Detlev Wulf Bronk (August 13, 1897 – November 17, 1975) was a prominent American scientist, educator, and administrator. He is credited with establishing biophysics as a recognized discipline. Bronk served as president of Johns Hopkins University from 1949 to 1953 and as president of The Rockefeller University from 1953 to 1968. Bronk also held the presidency of the National Academy of Sciences between 1950 and 1962.

Biography
Bronk was a descendant of Pieter Bronck, an early settler to New Netherland for whose relative Jonas Bronck the New York City borough The Bronx is named. Bronk graduated from Swarthmore College with a B.S. in electrical engineering, where he was a member of Phi Kappa Psi Fraternity. In September 1921 Bronk married Helen Alexander Ramsey, who had been a fellow student at Swarthmore. Turning to physics, he received an M.S. in 1922 from the University of Michigan. By 1924 he was intent on applying physics and mathematics to physiology, receiving a Ph.D. in 1926 from the University of Michigan.

Career
When Bronk was offered the presidency of Johns Hopkins University in 1948, he accepted the position on the condition that Hopkins strengthen its program in biophysics.  Hopkins did just that, building Jenkins Hall in 1950 specifically to house Biophysics and adding faculty and research facilities.  Bronk believed the nation's universities had a responsibility to prepare students to improve the world, regardless of their academic curriculum.  He also recognized that, during World War II, the Hopkins faculty had spent most of their time performing defense-related research, and now it was time to rejuvenate the idea of research for the sake of learning and discovery.  He frequently spoke on "breadth in education," "fostering curiosity," and "a university is a community of scholars."

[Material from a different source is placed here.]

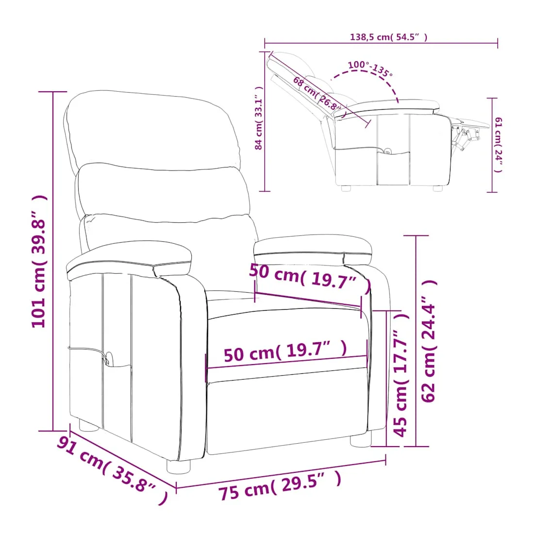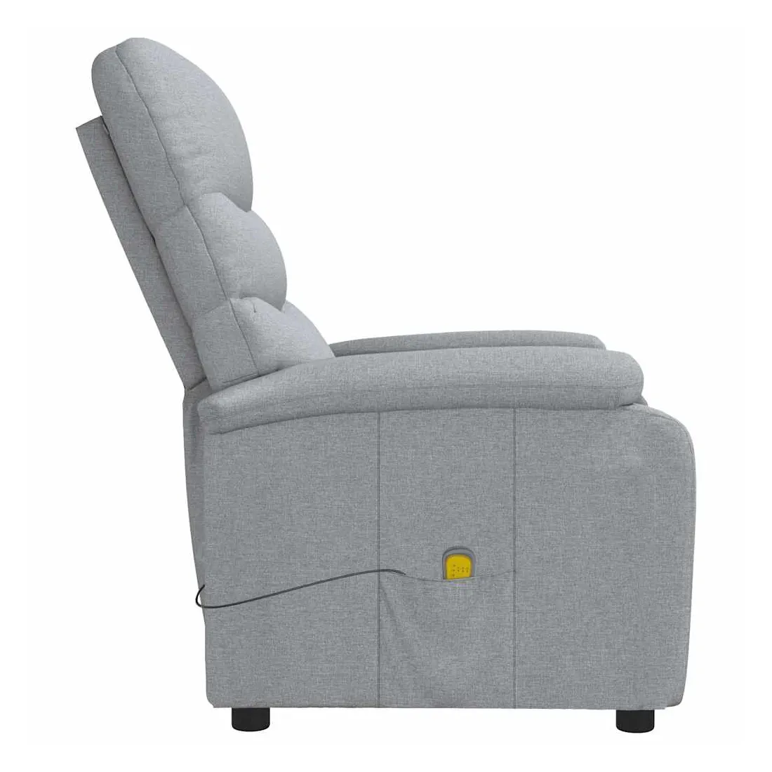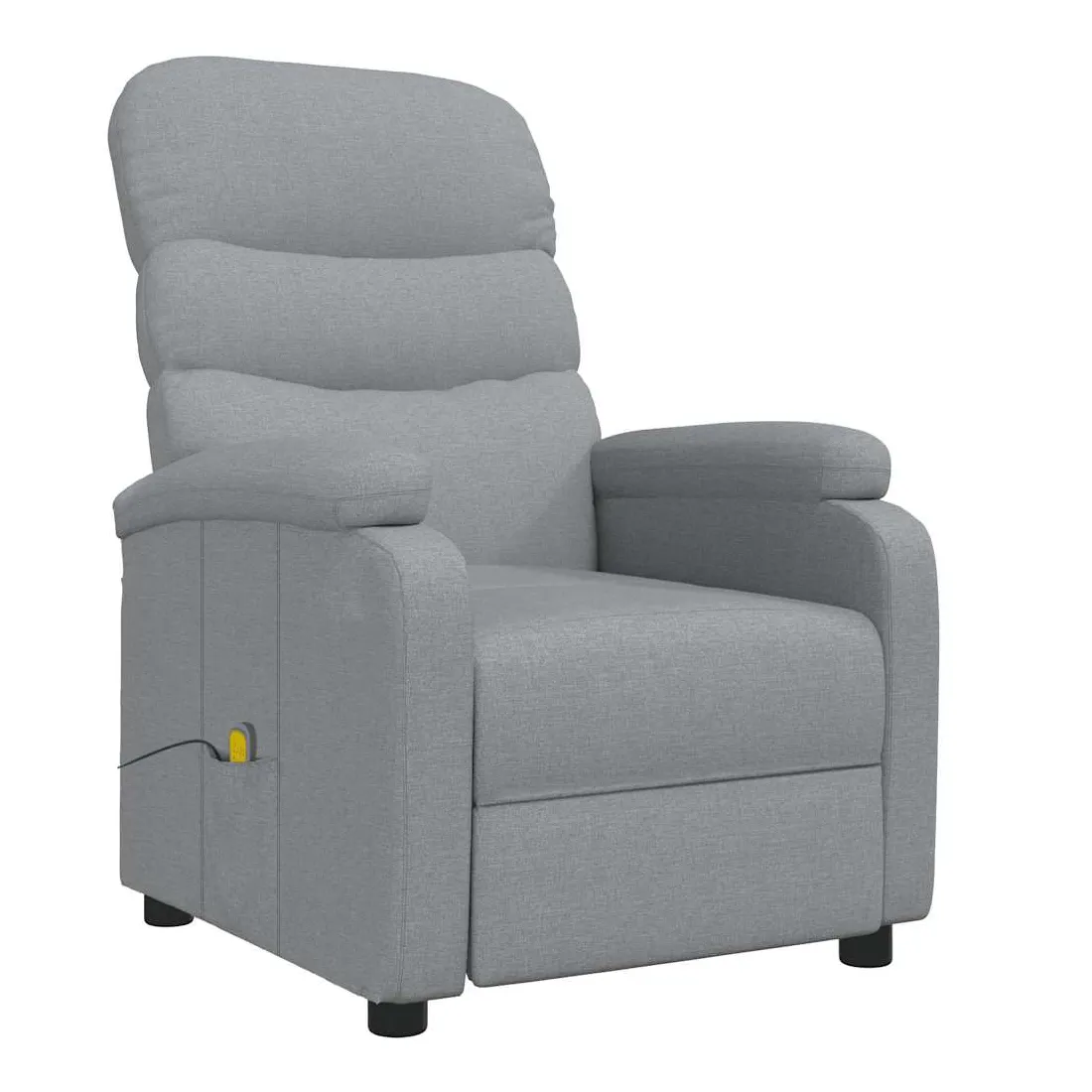 Asseyez-vous et détendez-vous dans ce fauteuil de massage très confortable ! Fonction d'inclinaison manuelle : le fauteuil inclinable est spécialement conçu avec 3 positions d'inclinaison afin que vous puissiez régler manuellement le dossier et le repose-pieds selon votre confort.Fonction de vibration : les 6 points de massage vous permettent de faire l'expérience d'un massage mieux ciblé. De plus, la télécommande incluse vous permet de choisir différents programmes de massage. La fonction de massage est alimentée par le connecteur USB, mais la source d'alimentation USB 5V certifiée n'est pas incluse.Expérience d'assise confortable : le siège, le dossier et les larges accoudoirs rembourrés épais recouverts de tissu procurent une sensation confortable et chaleureuse, vous permettant de vous sentir enveloppé lorsque vous êtes assis. Le tissu présente un aspect simple et épuré, et est respirant et durable.Cadre solide et stable : le cadre en bois et en métal offre une structure solide et une grande stabilité. Ce fauteuil inclinable est confortable et durable.

In addition to guiding Hopkins through its post-war "demobilization," Bronk believed strongly in maintaining his own presence in the scientific community.  He presided over the National Academy of Sciences and served on boards for the American Association for the Advancement of Science, the Science Advisory Committee of the Office of Defense Mobilization, and the National Advisory Committee for Aeronautics (predecessor to NASA).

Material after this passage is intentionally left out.